Overleden jurken en op maat gemaakte bustes

Achter de schermen: Centraal Museum Utrecht

Tentoonstelling Uit de Mode zet de bijzondere collectie én de modeconservator in de spotlights.

Het Centraal Museum viert deze zomer het honderdjarig bestaan van het beroep modeconservator met de tentoonstelling Uit de Mode. Huidig modeconservator van het museum, Ninke Bloemberg, opent speciaal voor K&C de deuren van het depot.

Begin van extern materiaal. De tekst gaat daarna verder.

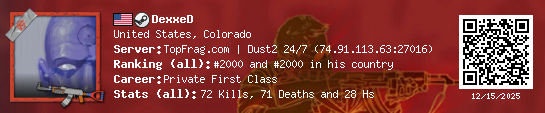 12/14/2025 - 7:24 AM United States de_dust2_snow 5 (2) 13 (0) 2 0.23 h
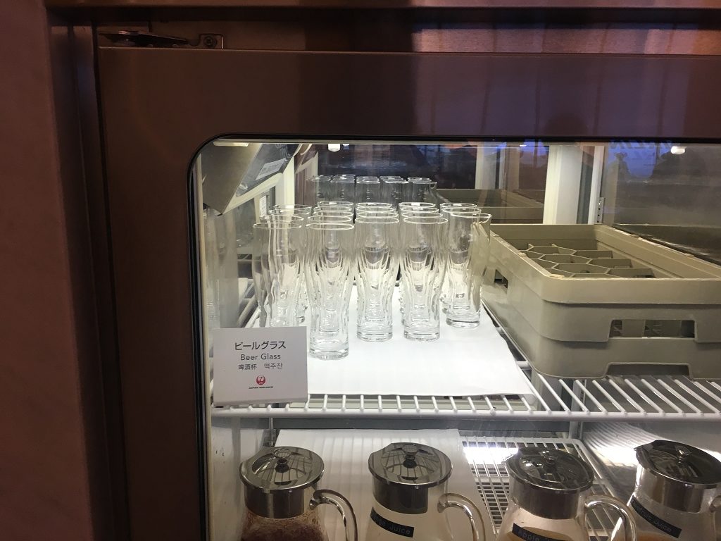Ich durfte die Lounge lediglich betreten, nachdem ich glaubhaft versichert habe, wirklich großen Durst zu haben. Die Sakura Lounge in der ich war, hat zwei Ebenen. Eine Ebene, auf der es auch Essen gab und eine untere Ebene, auf der es nur Getränke gab. Leider durfte ich wegen Überfüllung nicht in die obere Ebene, sodass ich unten noch ein paar Getränke und den Bierausschankautomaten ausprobieren konnte. Dieser ist jedoch so schön spektakulär, dass ich gleich ein Video machen musste.
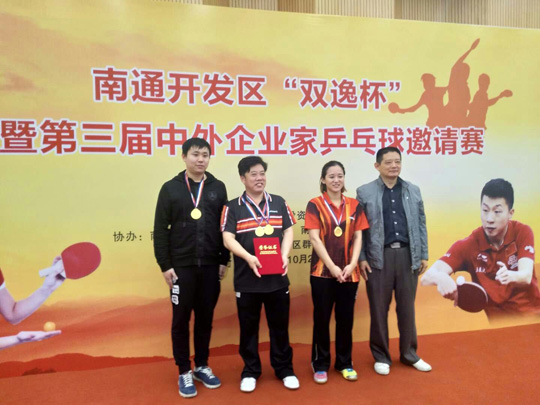 10月24日,三圣石墨代表隊參加南通開發區“雙逸杯”暨第三屆中外企業家乒乓球邀請賽,通過一天的緊張角逐,過關斬將,最終在24支代表隊中脫穎而出,獲得本次比賽冠軍。
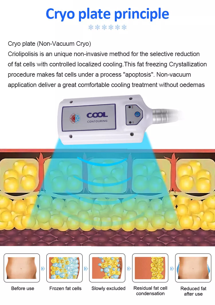 cooling plates are placed on the chosen body areas and the parameters selected, the device starts and safely runs passive Cryo
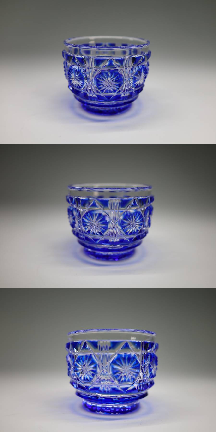 ◇雅◇ 復元 薩摩切子 薩摩ガラス工芸 色被せガラス 切子猪口 尚古集成館監修 切子ガラス ぐい呑 猪口 黄布 共箱 /MK.25.5[J42.5] OOSN7
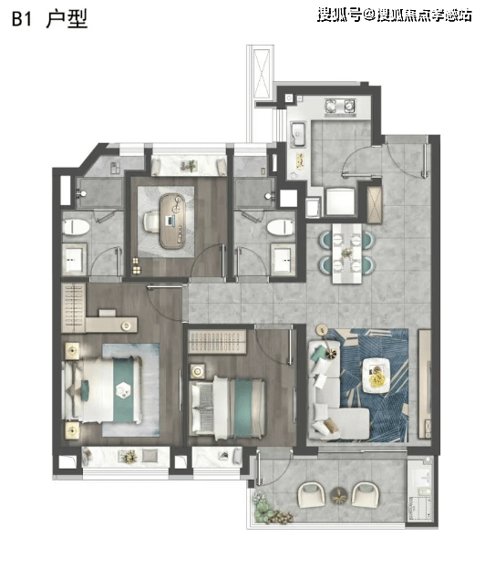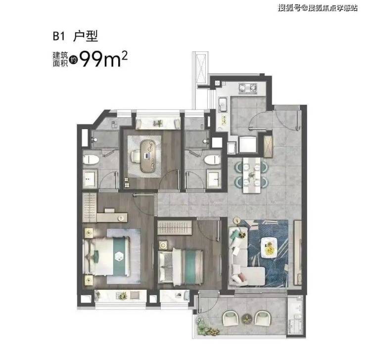 99平的三房两厅两卫,客餐厅连接景观阳台,采光面积更大,为日常生活带来更多的舒适感,并且多了一个卫生间为我们日后带来更为便利的生活。
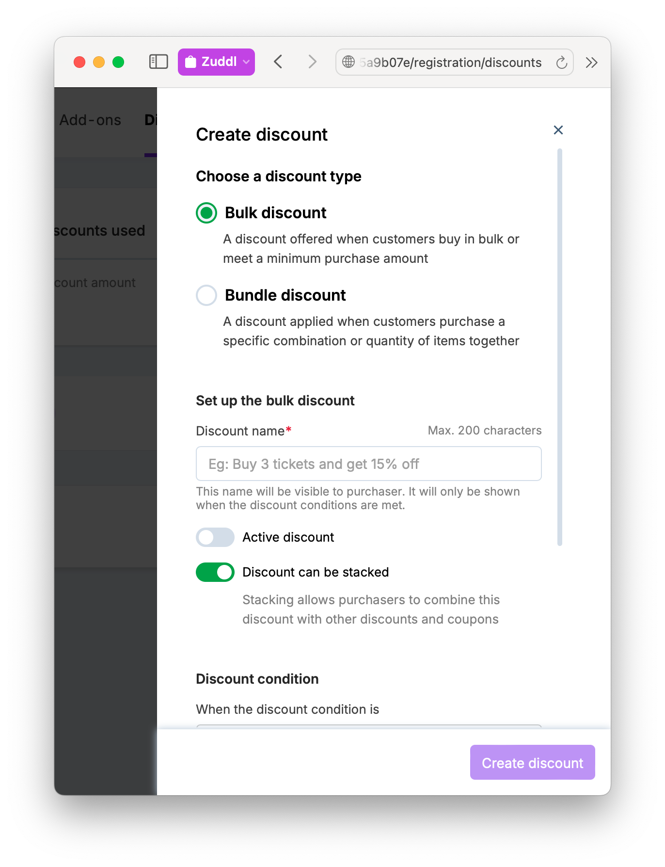 Toggle off/on Discount can be stacked option. This option is only available for events with Zuddl native ticketing. The stacking functionality is turned on by default for all events. Reach out to support@zuddl.com to have this enabled for your event. Learn how to use stackable discount.
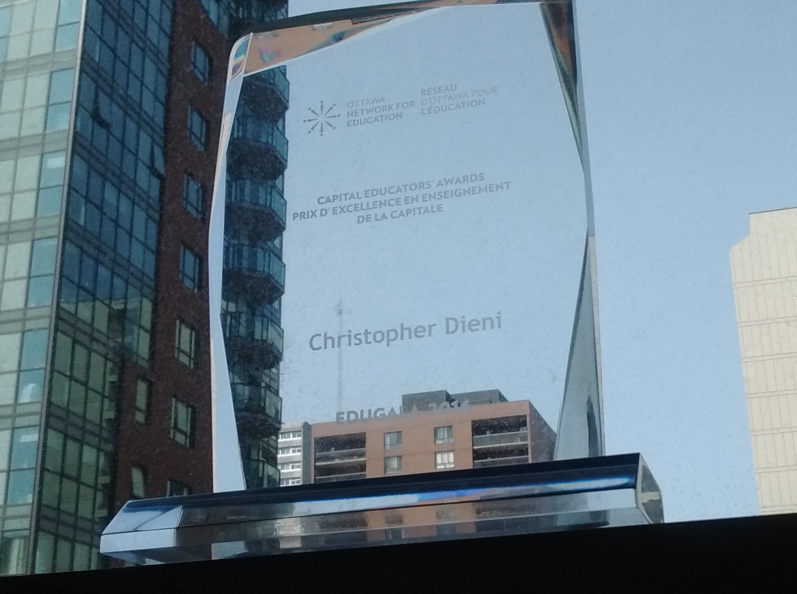 Last night, Chris received one of the 18 Capital Educators’ Awards handed out at EduGala 2016. The event, and the award, recognized 63 finalists (and 18 award winners selected from among them) who represent excellence in education across Ottawa. In the words of the Ottawa Network for Education: “In 2001, the Ottawa Network for Education (ONFE), in partnership with a group of business and education leaders launched the annual Capital Educators’ Awards and gala celebration – aptly named Edugala – to raise the profile of public education and to recognize and celebrate the dedication and achievements of our local educators. These awards are unique; Ottawa is the only community in Canada that celebrates the contributions of its educators across the whole spectrum of education from elementary to post-secondary.”
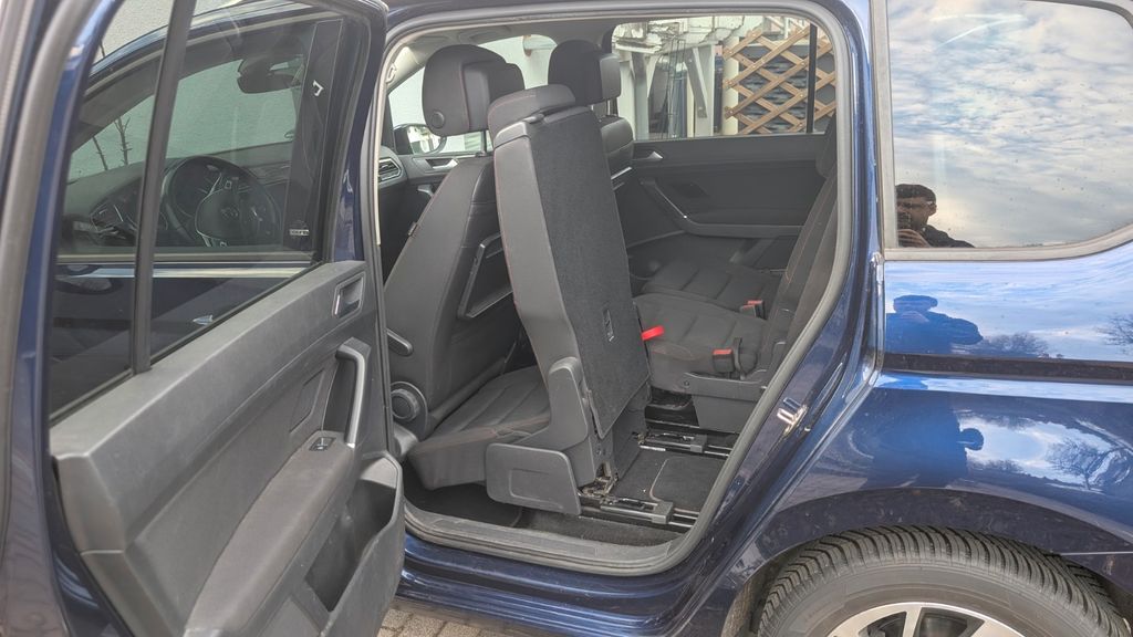 Da uns der Touran treu im Familienalltag begleitet hat, gibt es ehrliche Gebrauchsspuren: Ein paar Steinschläge sowie kleinere Kratzer im Bereich der Ladekante, am vorderen Stoßfänger und an den Einstiegen (durch die Sicherheitsgurte). Nichts davon beeinträchtigt die Funktion – es ist ein ehrliches Fahrzeug, das sofort einsatzbereit ist.
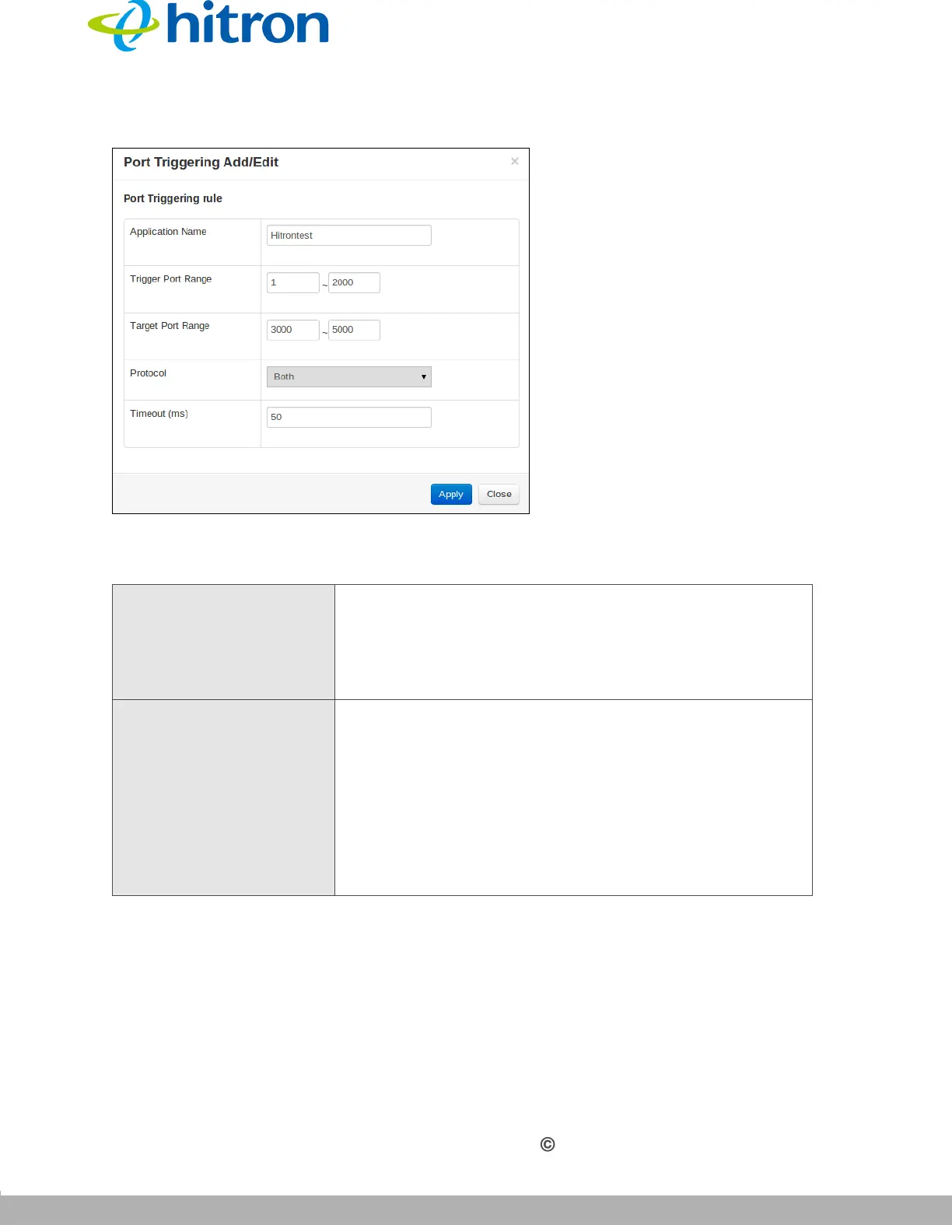 Trigger Port Range Use these fields to specify the trigger ports. When the

Niets aan het grijze kantoorpand in Utrecht doet vermoeden dat hier de mode- en kostuumcollectie van het Centraal Museum wordt bewaard. Alleen het gesprek over japonnen en paspoppen in de vergaderruimte verraadt dat we in het depot zijn. ‘We zijn hier bezig met een soort generale repetitie van de tentoonstelling. Alle kledingstukken worden op een paspop gezet om te kijken of ze passen. Historische kleding heeft vaak een ander silhouet dan we nu kennen. Dat vraagt regelmatig aanpassingen aan bustes en tailles van poppen’, licht modeconservator Ninke Bloemberg toe.

De mode- en kostuumcollectie van het museum loopt grofweg van midden achttiende eeuw tot nu en bestaat uit meer dan 10.000 stukken. Die worden allemaal hier bewaard: liggend in zuurvrije kartonnen dozen of aan de hanger in een van de vele kasten. De expositie Uit de Mode geeft een inkijkje in deze bijzondere collectie door ruim honderd iconen te belichten. Daarnaast is het in 2017 precies honderd jaar geleden dat jonkvrouw Carla de Jonge door het Centraal Museum werd aangesteld als eerste betaalde modeconservator van Nederland. ‘De Jonge is erg belangrijk geweest voor de ontwikkeling van onze kostuumcollectie, daarom is haar werk het vertrekpunt voor Uit de Mode.’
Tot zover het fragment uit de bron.